— Supplied data —
────────────────────────────────────────
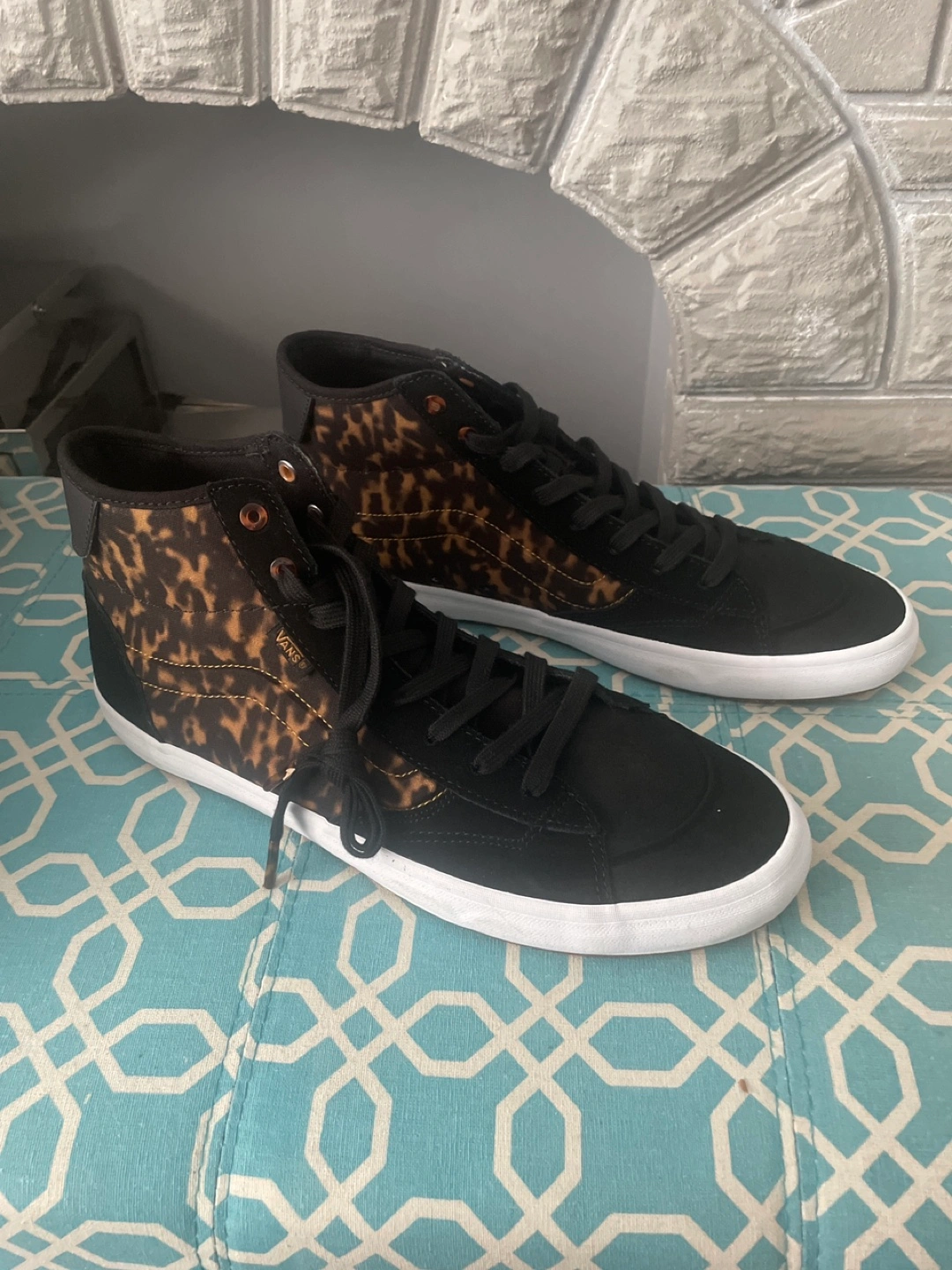 Selling a pair of Vans The Lizzie shoes in Tortoise Dark Brown/Black, size US 12 for men. They come with the original box!
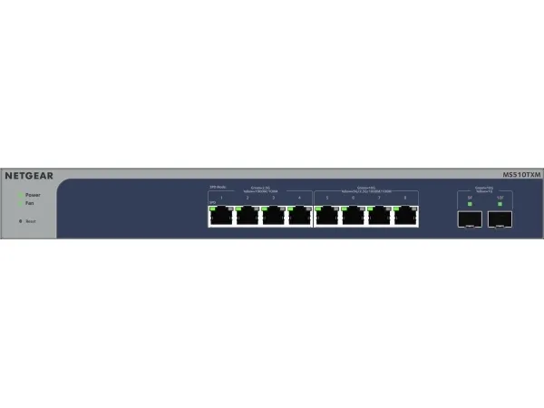 NETGEAR Smart Managed Pro Switches with Optional Remote/Cloud Management The NETGEAR® MS510TXM 8-Port Multi-Gigabit/10G Smart Managed Pro Switch offers 4 ports 1G/2.5G and 4 ports multi-gig/10G with 2 dedicated 10 Gigabit fiber ports for WiFi 6 AP connectivity, IP surveillance and mobility. MS510TXM can be managed remotely by NETGEAR Insight and includes 1-year of Insight Premium or Pro subscription with purchase.
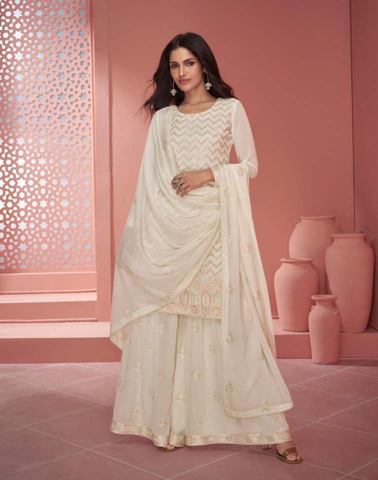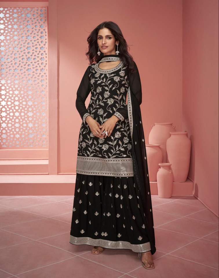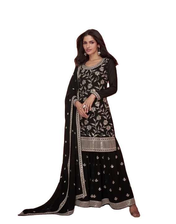 Costume Sharara de travail en fil de Georgette pure de dernier concepteur par Fab Zone
────────────────────────────────────────
— Your instructions —
The expected answer is the listing above, duplicated exactly, with its pictures removed.

— Answer to the problem —
 Selling a pair of Vans The Lizzie shoes in Tortoise Dark Brown/Black, size US 12 for men. They come with the original box!
 NETGEAR Smart Managed Pro Switches with Optional Remote/Cloud Management The NETGEAR® MS510TXM 8-Port Multi-Gigabit/10G Smart Managed Pro Switch offers 4 ports 1G/2.5G and 4 ports multi-gig/10G with 2 dedicated 10 Gigabit fiber ports for WiFi 6 AP connectivity, IP surveillance and mobility. MS510TXM can be managed remotely by NETGEAR Insight and includes 1-year of Insight Premium or Pro subscription with purchase.
 Costume Sharara de travail en fil de Georgette pure de dernier concepteur par Fab Zone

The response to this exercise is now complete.